Jesus taught that love was the essence of what it means to be human.
He said that the way you treat the lowest of people is the test of
your righteousness, not your piety. He taught that forgiveness is
the only way to approximate the world God intended when you live in
a broken world. He got into lots of disagreements with religious people
because He said that faith was about more than religious institutions
and formulas and rules but mainly consisted of a dynamic and living
relationship with the Creator God. He welcomed drunks, and whores,
and despised people, and women, and children, and the poor. He never
condemned people but He inspired them to live out of their identity
as God’s children with God’s image, and not out of their
brokenness and fallenness. He spoke of a new day and a revolutionary
time when God was going to set things right again. He called it the
“good news of the Reign of God.” And He said that this
Kingdom was coming. People hung on every word that He said because
He seemed to understand the rhythms of creation, the darkness of the
human heart, and our craving for goodness. What He said just rang
True.
He once told a parable about a son who wandered far from the home
of his father, and he became so hungry and desperate that He longed
for home. So the son came back home, and before He could even get
there, the Father ran out to meet him, embraced him, and threw a party
for him. Jesus said that this is how God wants to treat you. He wants
to welcome you home again to the place of His intentions. And as you
turn again homeward, God will wrap you up in love. He will run to
you when you are still a long way off. When you are feeling lost,
all alone out in the wilderness, He is out looking for you. He is
delighted by you. We just keep coming back to that story, we keep
making movies about it, we keep writing stories that enact it. It’s
the story our hungry souls so long to hear.

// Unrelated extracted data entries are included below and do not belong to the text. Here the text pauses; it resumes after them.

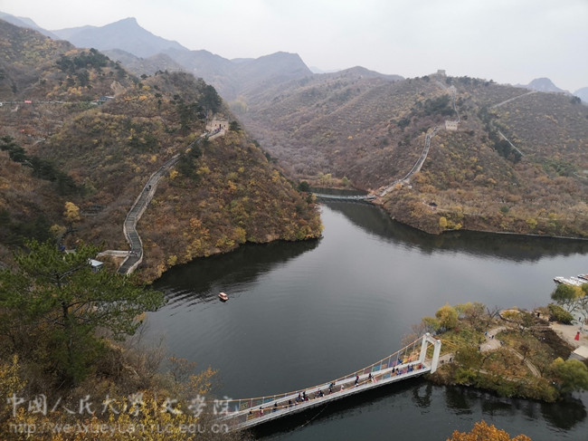 秋高气爽,枫叶红遍,层林尽染。学生们爬着参差不齐的台阶,走在巨龙的背上,从砖垛之间望去,看见了绿粼粼的湖水:一半蜿蜒盘旋在山脊,一半沉没于水底,亲身体味了“青山碧水京城绕,早有卧龙湖上吟”的风韵。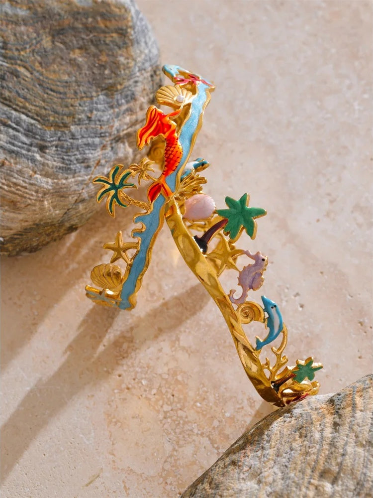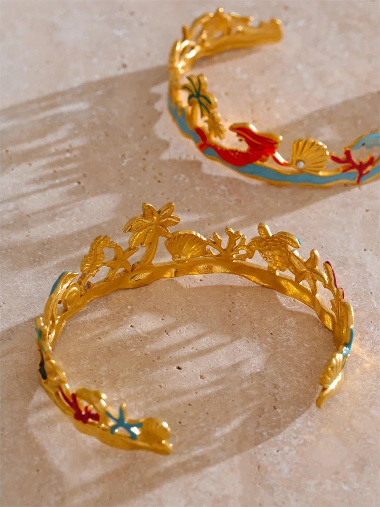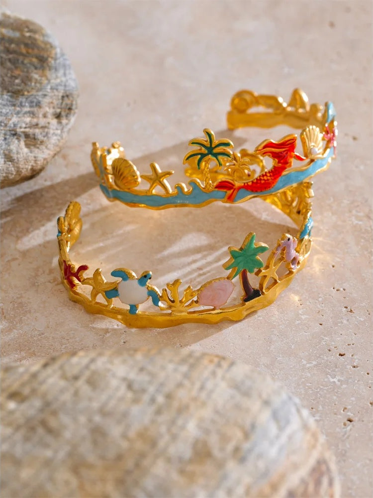 Crafted from gold-color stainless steel, these colorful enamel cuff bracelets feature intricate ocean-inspired designs with dolphins, turtles, palm trees, and seashells. The open bangle style ensures easy wear and a comfortable fit for all wrist sizes. Durable and stylish, each piece combines geometric patterns with vibrant enamel accents for a unique, summery look. Perfect for adding a playful yet elegant touch to any outfit.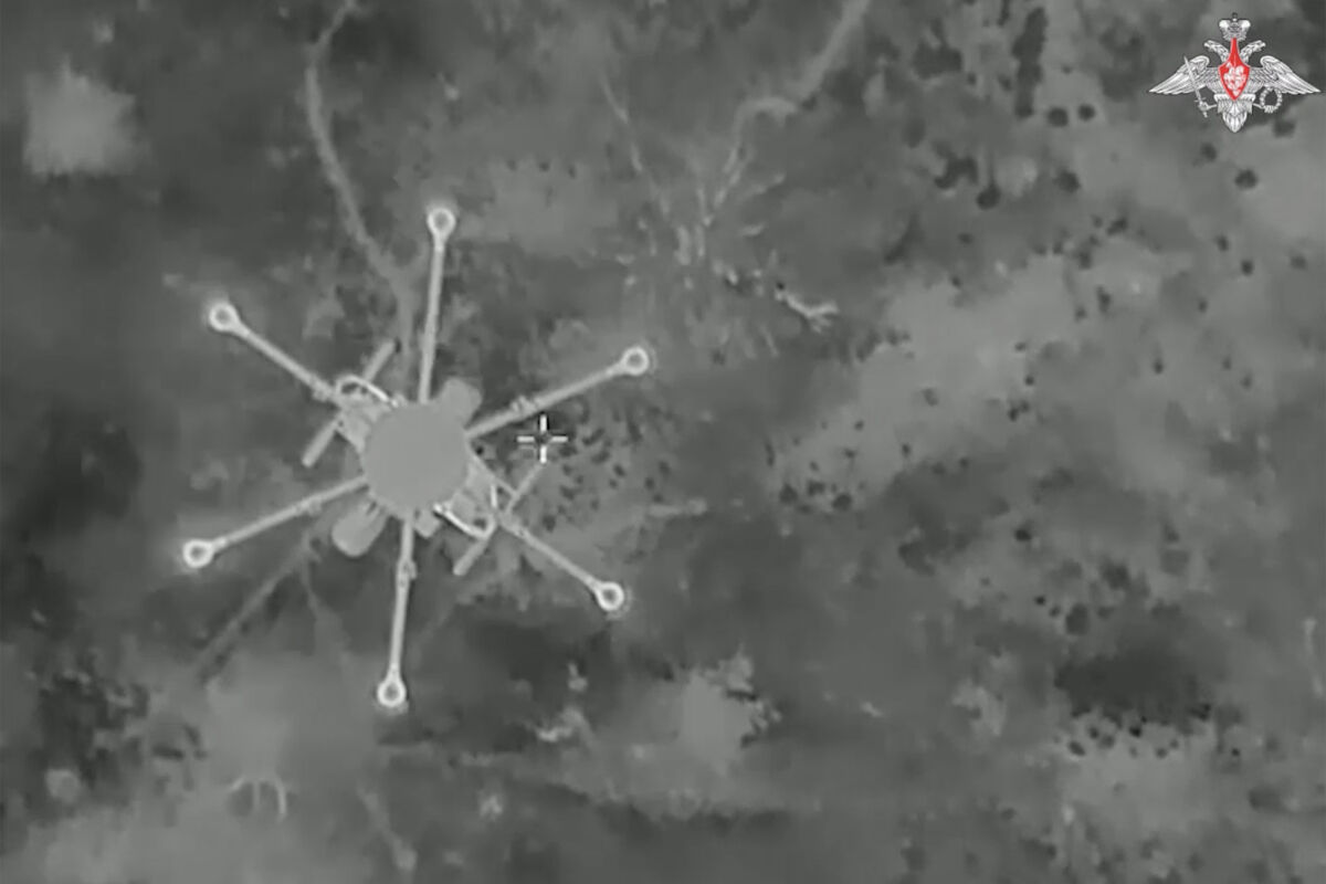 Минобороны РФ опубликовало в Telegram-канале кадры из Курской области, на которых российские военные обезвреживают беспилотник «Баба-яга» ВСУ, сбросив на него сеть.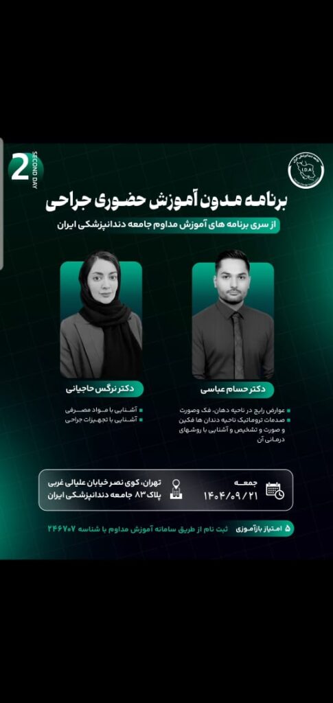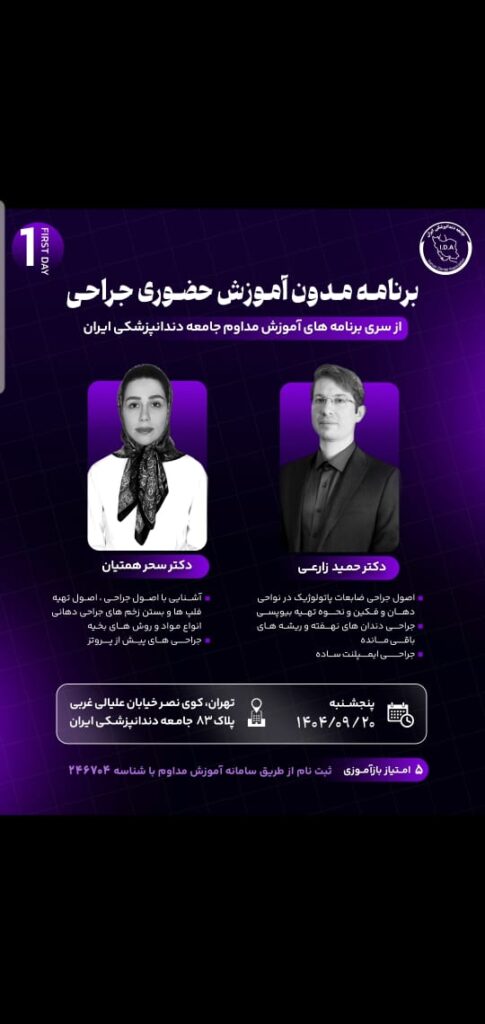 برنامه مدون آموزش حضوری جراحی، از سری برنامههای آموزش مداوم جامعه دندانپزشکی ایران روزهای پنجشنبه و جمعه ۲۰ و ۲۱ آذر ماه ۱۴۰۴ در محل جامعه دندانپزشکی ایران و با تدریس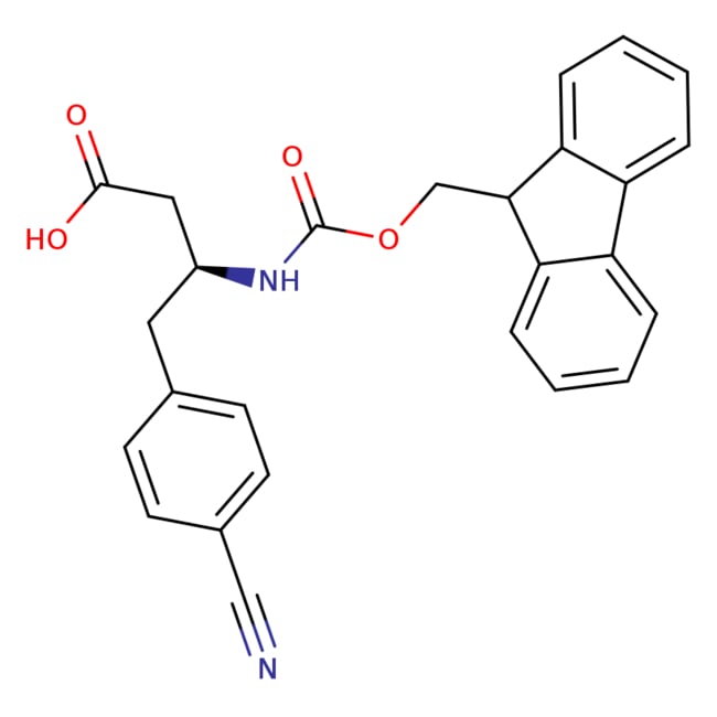 WuXi TIDES Fmoc-(S)-3-Amino-4-(4-cyano-phenyl)-butyric acid, 270065-90-2 | (S)-3-((((9H-fluoren-9-yl)methoxy)carbonyl)amino)-4-(4-cyanophenyl)butanoic acid | N#CC=1C=CC(=CC1)C[C@@H](CC(O)=O)NC(OCC2C3=CC=CC=C3C4=CC=CC=C42)=O | M.F. C26H22N2O4, M.W. 426.47

But God could not welcome us until the curse of the Dark Force was
ended and we were again what He made us to be. The only way this was
possible was to defeat the ultimate effect of the Dark Force upon
us and the whole cosmos, Death. God could not redeem His world from
all of its addictions and cravings and fear until He took death upon
Himself. Once in human history, God died by the most excruciating
death imaginable – crucifixion. God experienced every Hell imaginable
and finally even our death. In this, He took upon himself every effect
of our fallenness and brokenness. The Creator identified with every
hardship and suffering of His creation. All this happened so that
we could know deep down inside - as bedrock certainty - that at the
heart of the universe there is forgiveness and sacrificial love rather
than accusation. And the Dark Force of accusation, fear, and doubt
began to recede.
What God now offers you is forgiveness, the feeling you had as a child
when you woke up each morning feeling fully alive and innocent. The
feeling you had in the Garden in the first place. It can be that way
again. Whoever you are, whatever you've done, you can start over.
You can go home again. You can return to the Garden.
Astonishingly, however, there is even more to this good news. Jesus
did not stay dead. He was resurrected, confirming within history what
thoughtful people have always known. Death is not the end. There is
so much more to being alive. And now Jesus offers to us the sure confidence
of resurrection beginning in our lives here and now. Lives are resurrected.
Families are resurrected. Friendships are resurrected. Communities
are resurrected. Trust and hope and love are resurrected. God is putting
everything back together again as He intended it on the first day
of creation. The Dark Force is going away, and the Garden is growing
again. The earth and the universe are again becoming the theater of
God’s glory and beauty. Some days it seems so far away and so
impossible to believe. But this new order is starting to take shape,
and it’s first happening in communities that are learning to
no longer live in fear but in trust. We call those communities “churches”.
They are just communities of people trying to grow the Garden again
and to become people who are again the image of God in the world.
They got this way by admitting that the Dark Force has gotten the
best of them, by trusting that it is only what God has done in Jesus
Christ that can put the pieces of their lives back together again,
and by being immersed in water and coming out of it so that they can
show that they identify with the death and resurrection of Jesus.
They are recovering their purpose again as they learn to live lives
of peace, forgiveness and love. They do this not by their own effort
and power, but by God’s grace and by the Presence of God that
lives in them. Furthermore, they believe that it’s all coming
together again, so they just can’t help letting you know the
good news. The universe does have a purpose. Life does have meaning
and a destiny. Your cravings have a home. The One who can satisfy
every desire of your heart calls you back Home again to the place
where you are loved and not accused, to the place where everything
finds its beginning and end, to the Garden where God looks at everything
He made, including You, and He will say to you in His presence, “Wow!
That is good!”
Thanks be to God through Jesus Christ our Lord. Amen.